# Online Coil calculator



## BigAnt (31/10/14)

Not sure if this has been posted before.

I stumbled on this very useful tool to help with your coil build calculations.
You simply put in your info like gauge, amount of coils and size. 
Then select your desired ohms and it will calculate how many wraps you need.

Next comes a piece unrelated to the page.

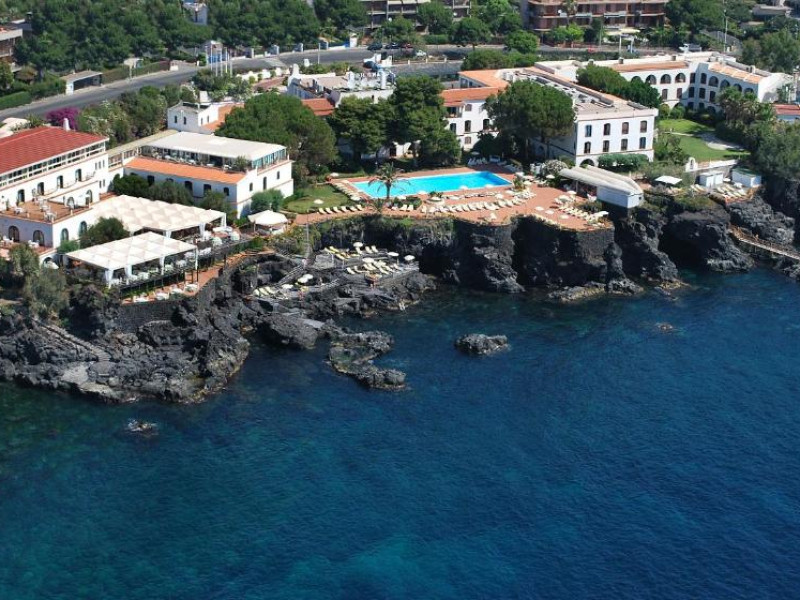 Grand Hotel Baia Verde, de 4 stele, este situat pe stanci vulcanice, cu vedere la un golf natural, pe drumul dintre Acicastello și Catania. Acesta oferă o piscină in aer liber și o sală de sport gratuită.

http://www.steam-engine.org/coil.asp

Reactions: Winner 1


----------



## Marzuq (31/10/14)

Not sure if it's the same as these. But think mods should move this thread here http://www.ecigssa.co.za/threads/visual-software-tool-for-wrapping-coils.4050/

Nice find bud


----------



## BigAnt (31/10/14)




----------



## free3dom (1/11/14)

BigAnt said:


> View attachment 14331



Yep, steam engine is a godsend


----------



## Twisper (1/11/14)

I have the MicrocoilPro app on my iPhone and it correlates precisely with Steam engine, works great.


----------



## Riaz (1/11/14)

Twisper said:


> I have the MicrocoilPro app on my iPhone and it correlates precisely with Steam engine, works great.


Is it the one for R59.99?


Sent from my iPhone using Tapatalk


----------



## Twisper (1/11/14)

Riaz said:


> Is it the one for R59.99?
> 
> 
> Sent from my iPhone using Tapatalk




Yip @Riaz that's the one.


----------